August 11, 2007

Optical Structure Recognition in Strigi-chemical?

More people blogged on GPL Optical Structure Recognition tool OSRA (1, 2, 3, 4) since its first release. OSRA is a young project and though it has a poor quality of recognition at the moment, its open license guarantees the bright prospectives.

Journal articles, patent documents, textbooks, etc represent chemical structures as graphics. The idea to have an OCR analyzer to extract chemical structures from graphical files in Strigi-chemical is natural, but even with OSRA there is a long way until a decent implementation. There are obstacles of different kind.

OSRA deployment

At the moment to build an OSRA binary is an effort. It has no automake/autoconf or cmake build system and a long list of compile-time an runtime dependencies. ImageMagick, POTRACE, GOCR and OpenBabel are the major dependencies. Since it is out of the scope of my GSoC, I would have to wait for the upstream maintainer to ship OSRA as a library with an API. From my side I can make a strigi-chemical OSRA-helper (described before) with a runtime optional dependency, but it would take some time to figure out an API first.


I did some benchmarks with OSRA. It takes 1'3o'' to process the sample patent document:

The general overview of the OCR workflow is as follows:
  • it uses ImageMagick to detect type
  • the PDF and PS files are rendered as images
  • set the resolution, which is fixed (150 dpi) for PDF/PS files
  • it iterates over the pages and detects minimal boxes which most probably contain molecular structures. Here is the first box from the sample patent document:

  • the box is traced to obtain a vector representation
  • atoms, chars, fixed chars are detected
  • bonds are fixed, broken bonds are removed
  • valency-check is performed
  • the structure is converted to SMILES (could be an InChI though):
InChI: InChI=1/C16H30O5/c1-15(2,13(17)18)9-5-7-11-21-12-8-6-10-16(3,4)14(19)20/h5-12H2,1-4H3,(H,17,18)(H,19,20)

  • continue with the next box
I tried to see how it scales and created a PDF with 64 compounds. OSRA detected 60 boxes in 1'5" with a quite hight error rate, unfortunately. This benchmark shows that OSRA can't rotate paper well (landscape), recognition of 9 compounds can take much more than 60 compounds and quality of recognition is low.

Simple example from PDF with 64 compounds, the second one is rendered by PubChem using the produced SMILES:

Jos suggested, that we take images from PDF as substreams. There is a substreamprovider for that in Strigi.

I think that taking into account the CPU time required to process a document, we should carefully control and select what we pass to OSRA-helper.
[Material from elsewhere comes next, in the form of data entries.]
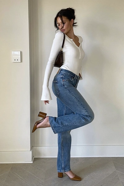 Синяя джинса — один из самых универсальных цветов в гардеробе, но именно холодный подтон делает его особенным. Черный рядом с ним уводит образ в строгость, белый — в легкость и спорт, а темный коричневый — в приземленность и практичность.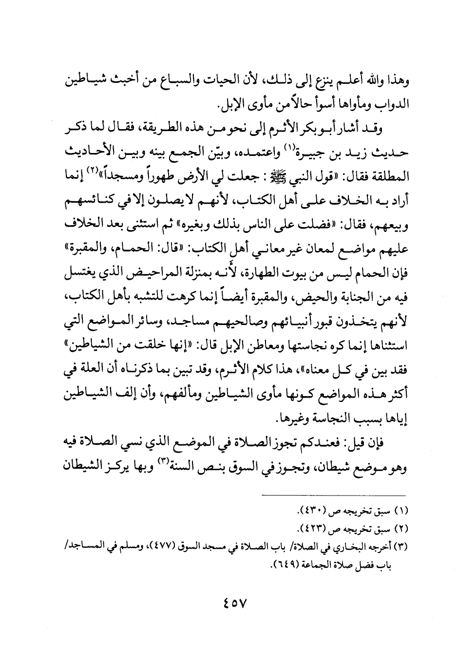 وقد أشار أبو بكر الأثرم إلى نحو من هذه الطريقة فقال لما ذكر حديث زيد بن جبيرة واعتمده وبين الجمع بينه وبين الأحاديث المطلقة فقال قول النبي صلى الله عليه وسلم: "جعلت لي الأرض طهورا ومسجدا" إنما أراد به الخلاف على أهل الكتاب لأنهم لا يصلون إلا في كنائسهم وبيعهم فقال فضلت على الناس بذلك وبغيره ثم استثنى بعد الخلاف عليهم مواضع لمعان غير معاني أهل الكتاب قال الحمام والمقبرة فإن الحمام ليس من بيوت الطهارة لأنه بمنزلة المراحيض الذي يغتسل فيه من الجنابة والحيض والمقبرة أيضا إنما كرهت للتشبه بأهل الكتاب لأنهم يتخذون قبور انبيائهم وصالحيهم مساجد وسائر المواضع التي استثناها إنما كره نجاستها ومعاطن الإبل قال أنها خلقت من الشياطين فقد بين في كل معناه هذا كلام الأثرم وقد تبين بما ذكرناه أن العلة في أكثر هذه المواضع كونها مأوى الشياطين ومألفهم وأن الف الشيطان اياها بسبب النجاسة وغيرها.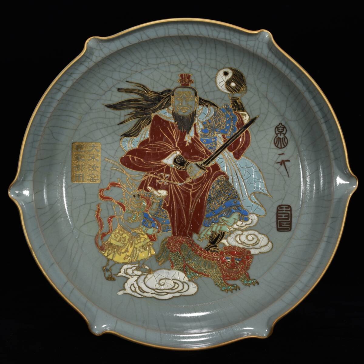 > A_YF0508【惠】人間国宝 中国骨董 陶芸 磁器【宋汝窯蒔絵彩張天師神像人物盤です】工芸品 施釉陶 青花磁 陶芸 置物 收藏品
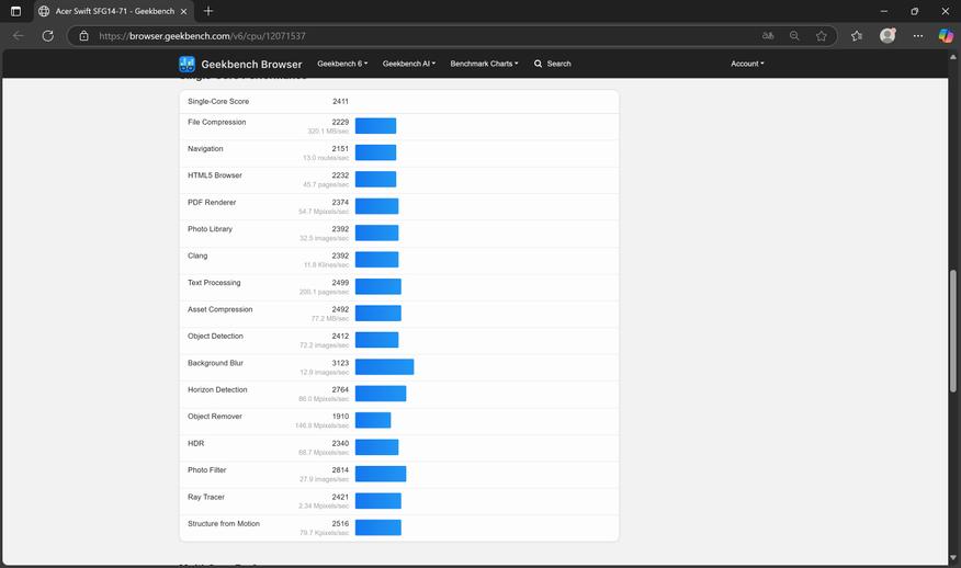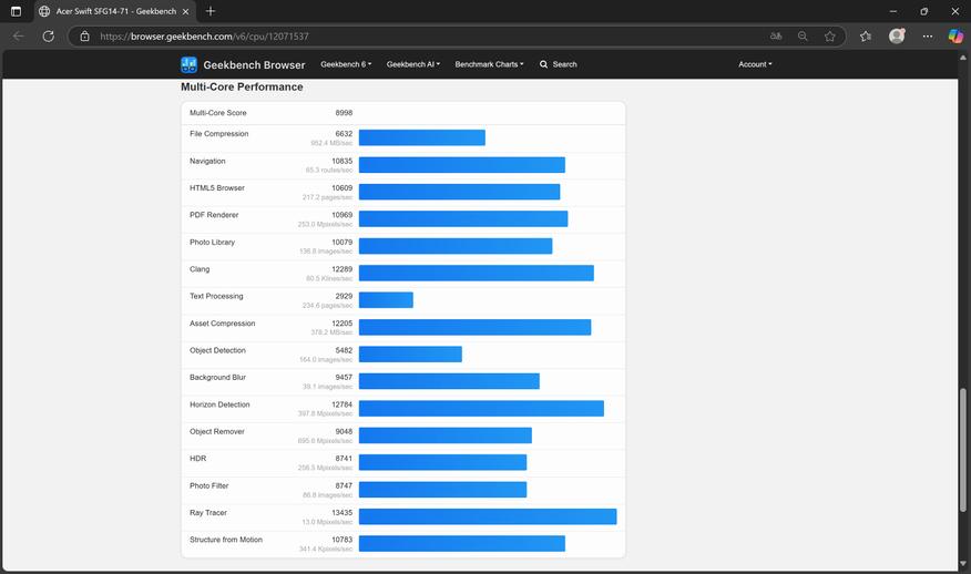 Кэш-подсистема также работала в пределах нормы: скорость обмена с L1 и L2 оставалась высокой, и никаких критичных узких мест в архитектуре не наблюдается. В списках рейтингов пропускной способности память ноутбука уверенно держалась ближе к нижней границе современных решений с DDR5, что объясняется спецификой LPDDR5 и компактной компоновкой устройства. Тем не менее, по общим характеристикам производительность памяти позволяет не только комфортно работать с офисными задачами, но и без проблем запускать ресурсоемкие приложения вроде графических редакторов или браузеров с десятками вкладок.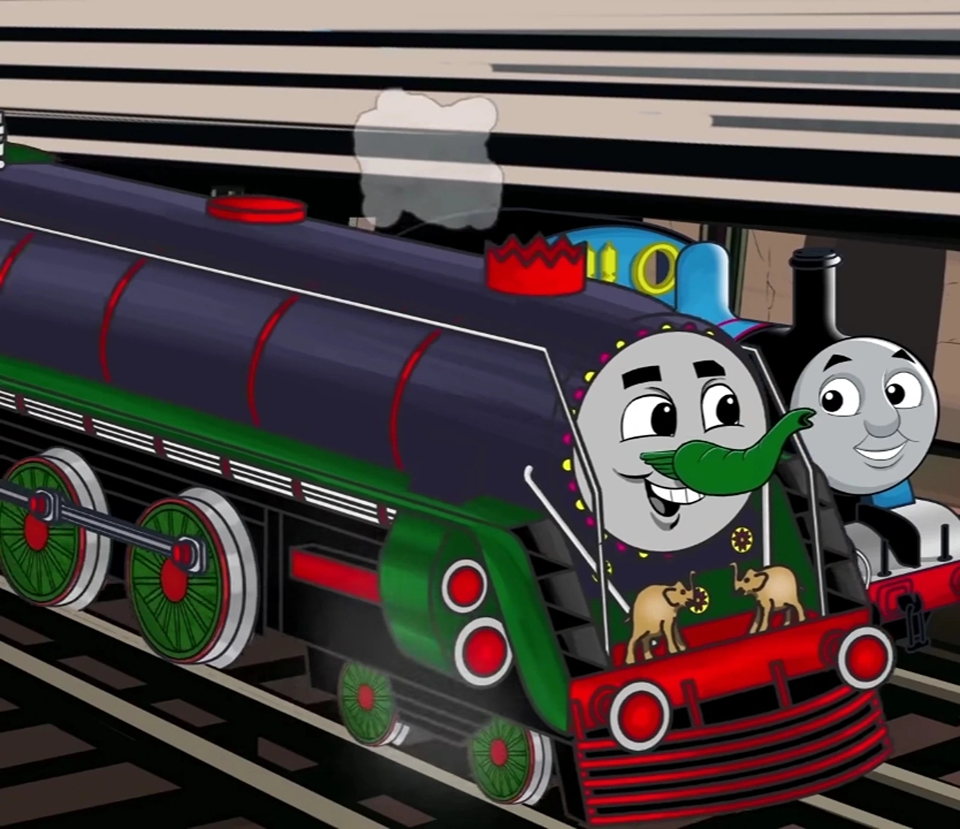 Rajinda first met Thomas at Jaipur Junction when the tank engine was collecting some fabric. Thomas was curious that Rajinda had an elephant nose, which the tender engine replied "Brilliant, isn't it?"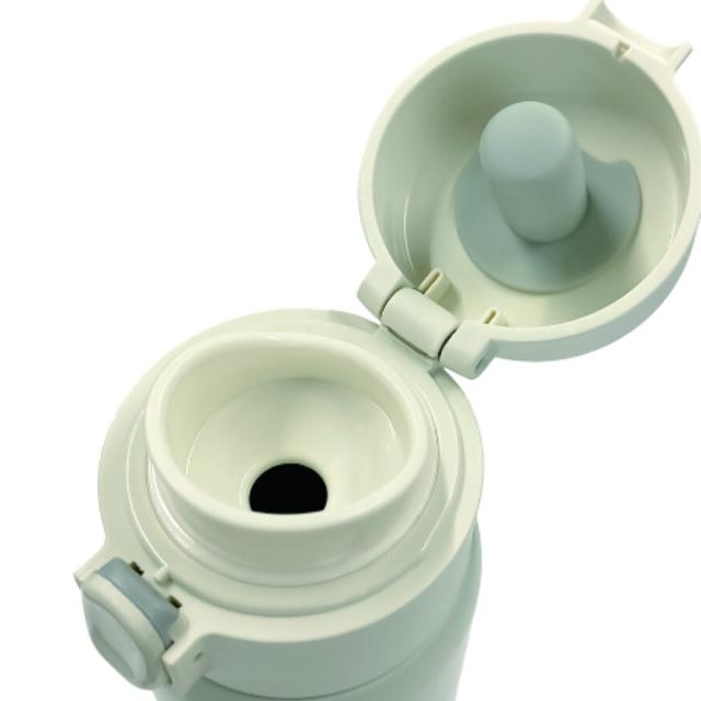 ワンプッシュで蓋を開けることができるので、片手でも簡単に操作できます。ロック付きなので安心、安全です。飲み口は樹脂製になっているので優しい口当たりで飲みやすいです。
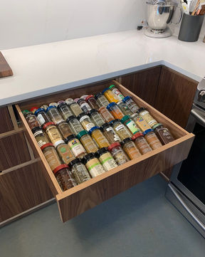 We use Blum hardware for our drawer slides and door hinges. We can make custom drawer dividers and fine tune the layout of the doors and drawers to fit your things perfectly.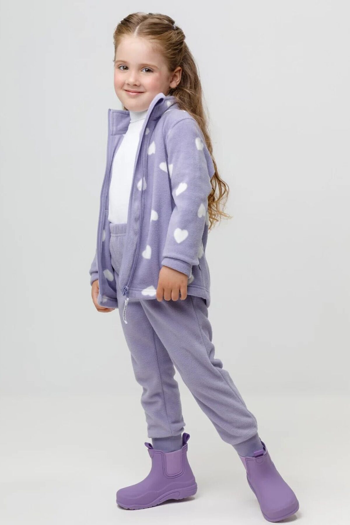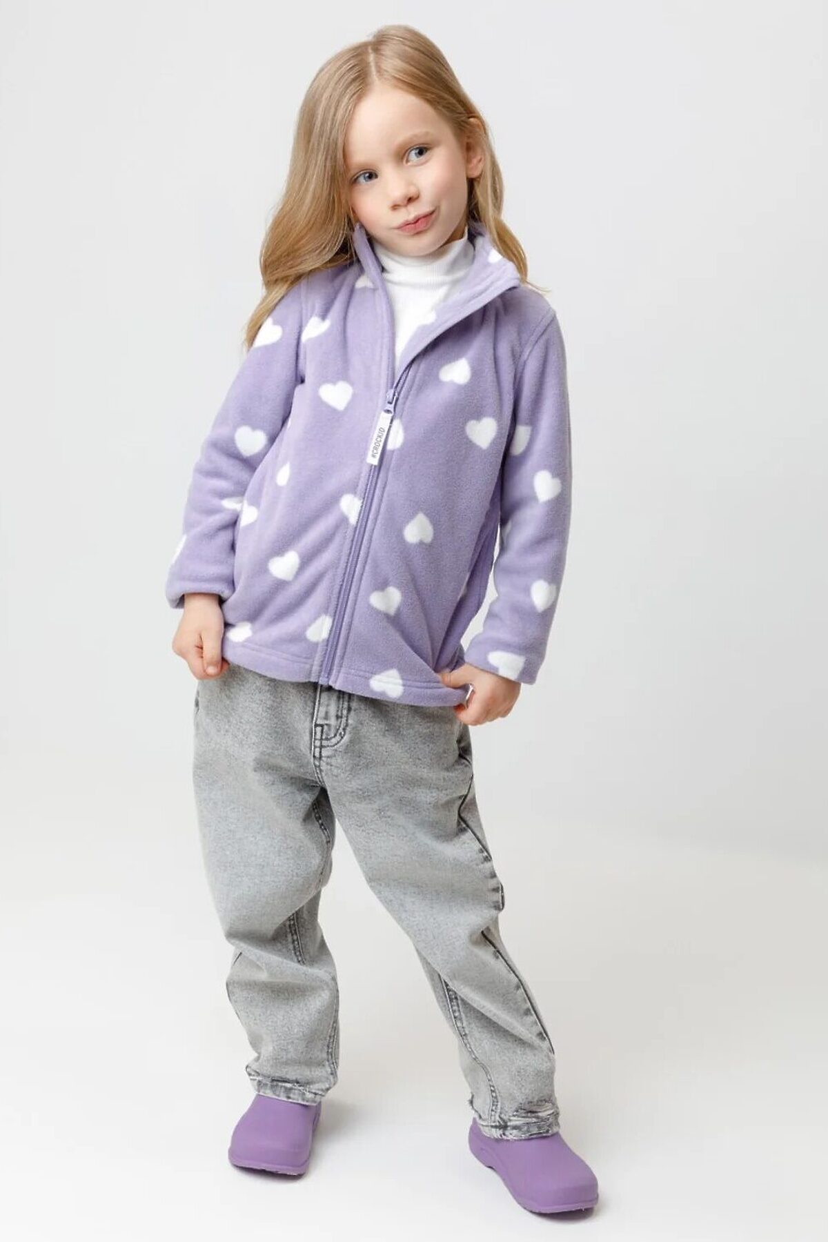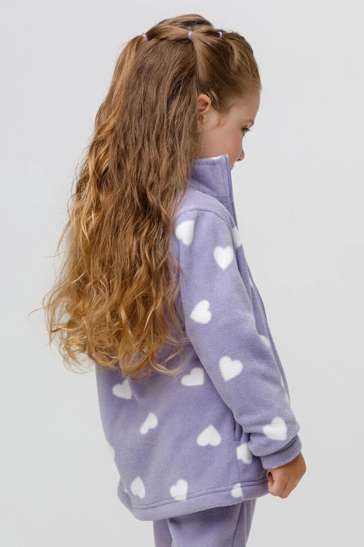 Флисовая куртка для девочки. У изделия высокий воротник и застёжка на молнию с мягкой защитой шеи и подбородка. По бокам два кармана. Оригинальная набивка выполнена из стойких гипоаллергенных текстильных красителей. Куртка сохраняет цвет и форму после многократных стирок.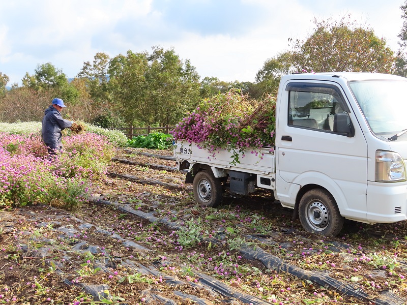 徐々に秋も深まってきて元気がなくなってきたのと次の植物を植える準備のため、現在撤去作業を行っています。作業用軽トラックが出入りしますが皆様のご理解とご協力をよろしくお願いいたします。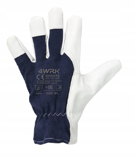 гранітні рукавички виготовлені з високоякісної мʼякої козячої шкіри з зернистою поверхнею, а верхня частина виконана з еластичного бавовняного трикотажу темно-синього кольору.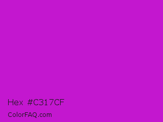 Hex #c317cf Color is a normal magenta color and the nearest color is Deep Magenta #cc00cc. Hex code #c317cf and RGB value is rgb(195,23,207). In RGB color space, this color is composed of 76% red, 9% green, 81% blue, In CMYK color space, this color is composed of 6% cyan, 89% magenta, 0% yellow , 19% black , In HSL color space, this color has a hue angle of 296° , 80% saturation and 45% lightness.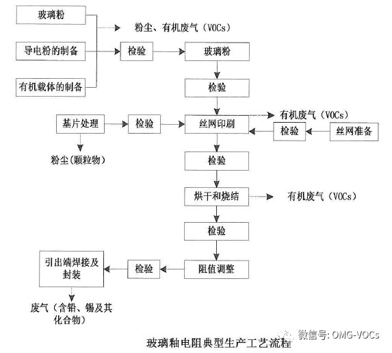 玻璃轴电阻器生产过程中,有机载体的制备、丝网印刷、烘干烧结及引出端焊接有VOCs废气产生。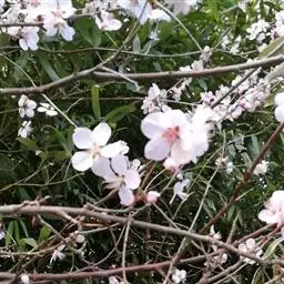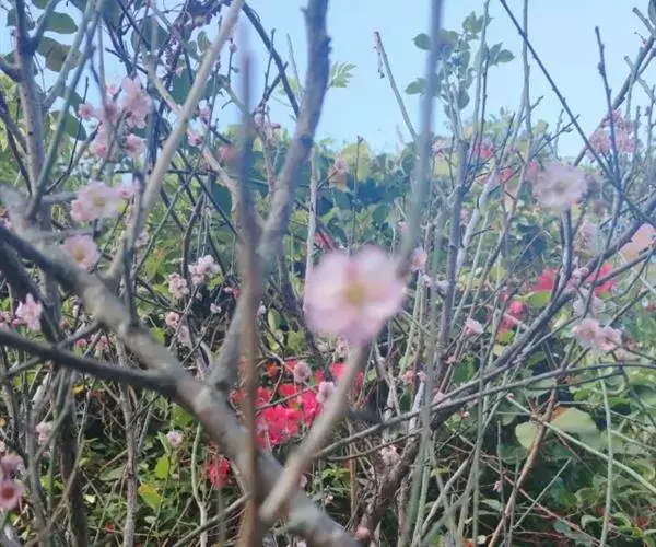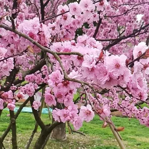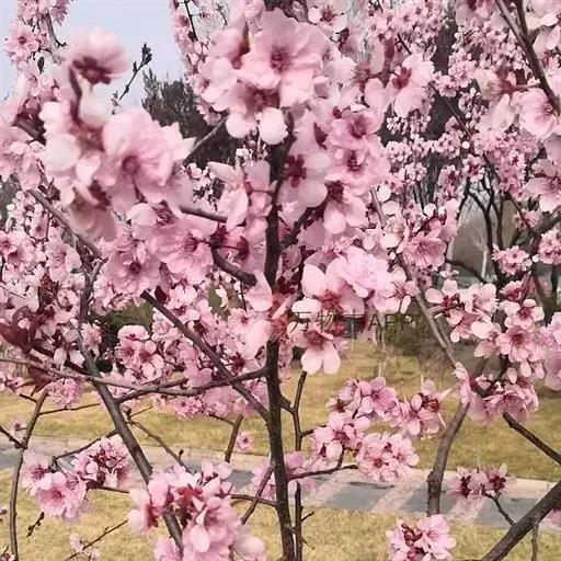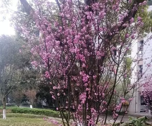 花多,花艳,花期早 经过正常修剪的美人梅,最多一株可开花450朵,花开浅紫花色浓而不艳,冷而不淡。花期正值少花的早春。若行盆栽,还可人工控制花期到“五一”节开放。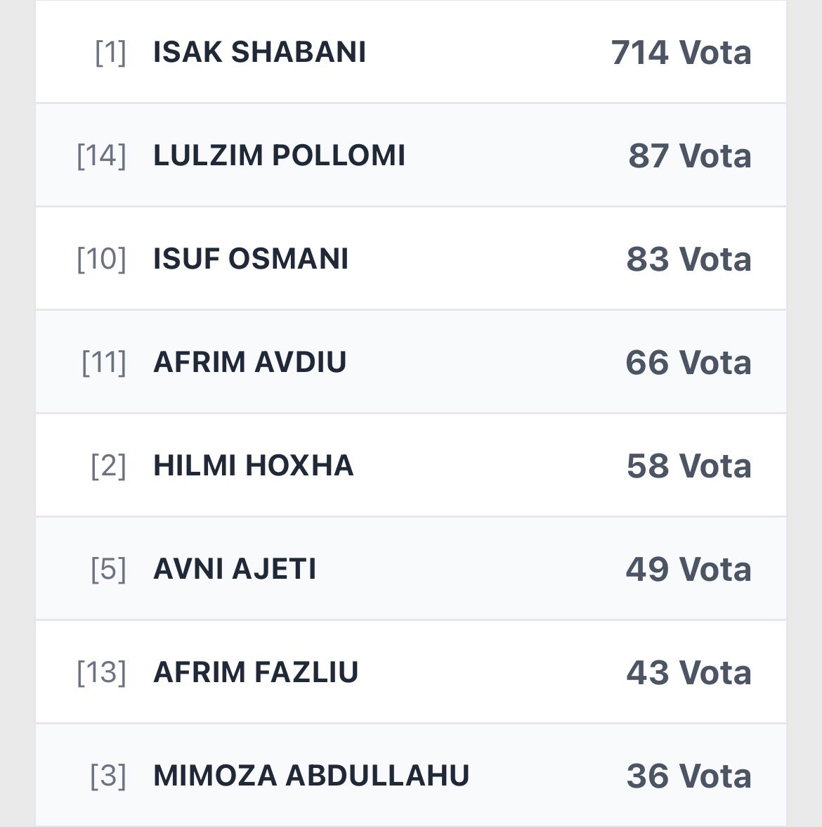 Më poshtë rezultatet e PDK-së:

We can make it like that, for example:
  • Create a chemical image analyzer, which would check first whether there is no structural information embedded into the image itself (yes, it is possible, more in my next blogpost),
  • then it should carefully check the context, whether it is a chemical paper (looking at DOI, for example) and
  • then it can pass the extracted substream to OSRA-helper.